DATA FOR REVIEW:
◇ ◇ ◇ ◇

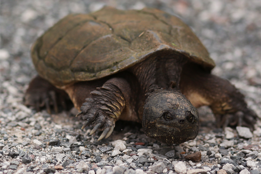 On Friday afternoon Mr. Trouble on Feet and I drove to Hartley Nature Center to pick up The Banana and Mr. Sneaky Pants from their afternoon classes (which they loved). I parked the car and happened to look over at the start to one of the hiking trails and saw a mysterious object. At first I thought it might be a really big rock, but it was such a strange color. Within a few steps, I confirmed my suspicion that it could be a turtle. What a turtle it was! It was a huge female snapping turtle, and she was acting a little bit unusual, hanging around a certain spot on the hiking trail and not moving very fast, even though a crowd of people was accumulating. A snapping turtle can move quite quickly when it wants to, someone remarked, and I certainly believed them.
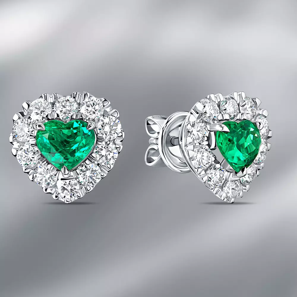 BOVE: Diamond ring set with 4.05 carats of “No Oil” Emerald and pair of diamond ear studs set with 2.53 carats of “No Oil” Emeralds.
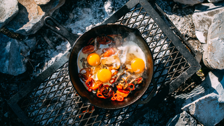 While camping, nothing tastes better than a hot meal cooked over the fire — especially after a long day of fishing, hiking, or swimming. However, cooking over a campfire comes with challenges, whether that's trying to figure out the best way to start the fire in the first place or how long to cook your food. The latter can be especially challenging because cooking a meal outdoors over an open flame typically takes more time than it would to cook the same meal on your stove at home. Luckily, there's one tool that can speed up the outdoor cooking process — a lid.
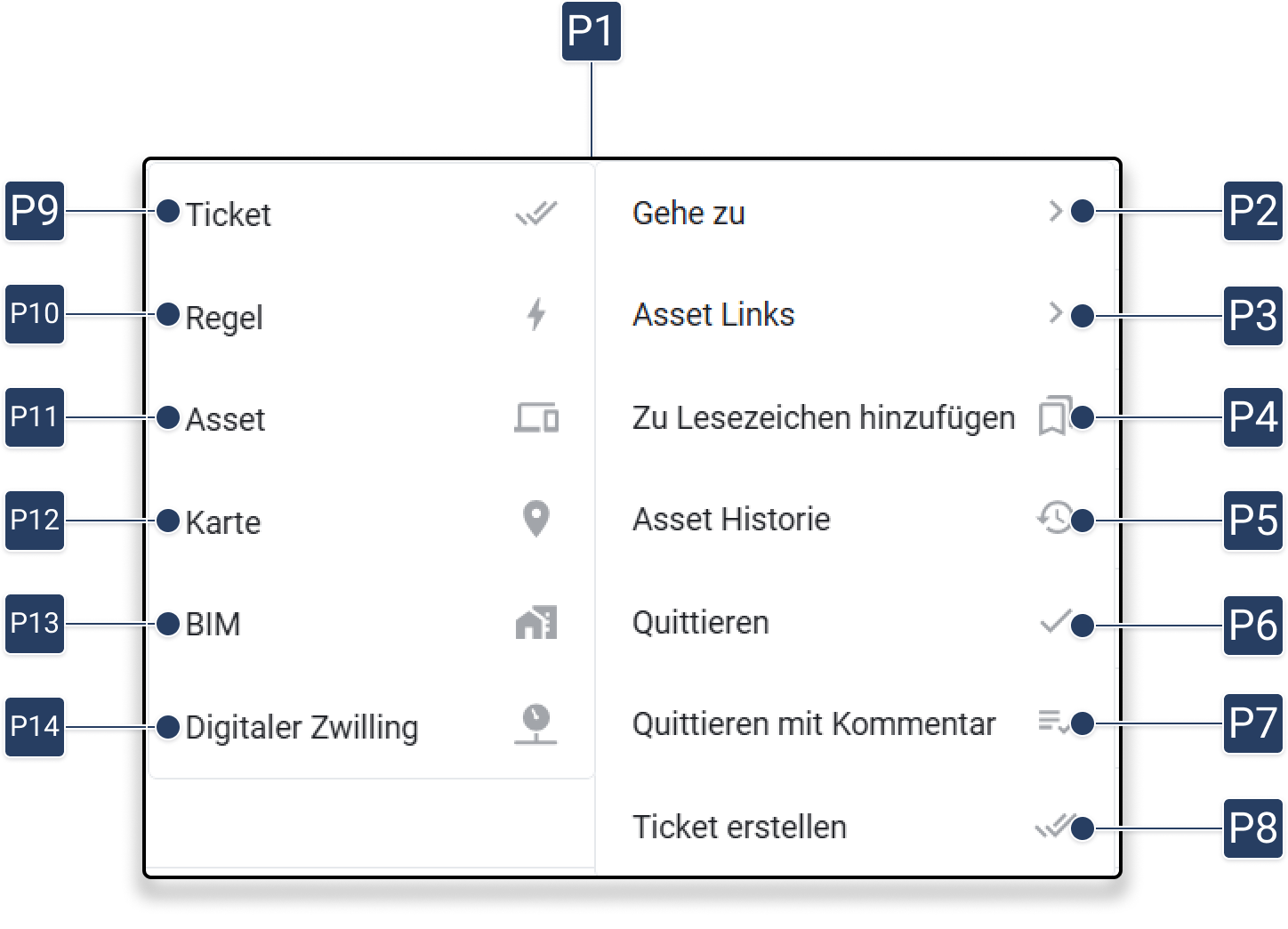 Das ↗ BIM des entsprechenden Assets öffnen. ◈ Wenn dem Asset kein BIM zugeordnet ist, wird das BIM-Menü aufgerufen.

◇ ◇ ◇ ◇

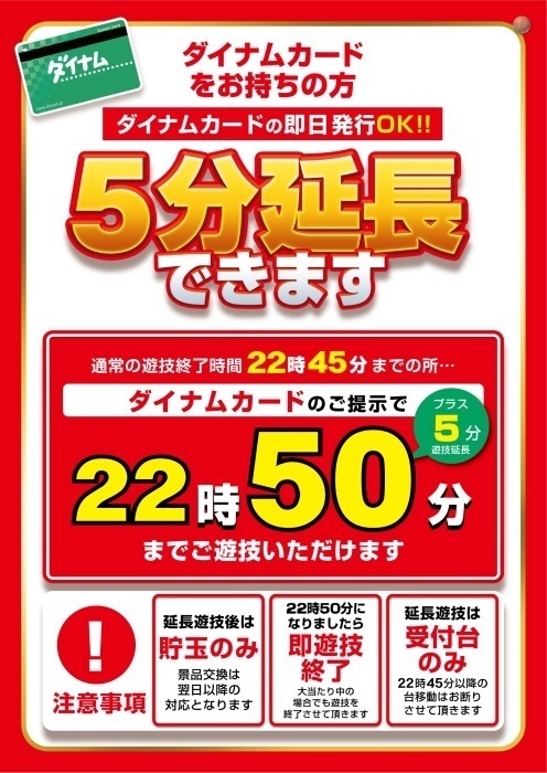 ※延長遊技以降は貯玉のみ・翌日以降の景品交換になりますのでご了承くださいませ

◇ ◇ ◇ ◇

BRIEF: Above, find the line with "BOVE: Diamond ring"; copy it and every line down to the line with "Das ↗ BIM des", exactly and both included, but no pictures.

ANSWER SECTION:
 BOVE: Diamond ring set with 4.05 carats of “No Oil” Emerald and pair of diamond ear studs set with 2.53 carats of “No Oil” Emeralds.
 While camping, nothing tastes better than a hot meal cooked over the fire — especially after a long day of fishing, hiking, or swimming. However, cooking over a campfire comes with challenges, whether that's trying to figure out the best way to start the fire in the first place or how long to cook your food. The latter can be especially challenging because cooking a meal outdoors over an open flame typically takes more time than it would to cook the same meal on your stove at home. Luckily, there's one tool that can speed up the outdoor cooking process — a lid.
 Das ↗ BIM des entsprechenden Assets öffnen. ◈ Wenn dem Asset kein BIM zugeordnet ist, wird das BIM-Menü aufgerufen.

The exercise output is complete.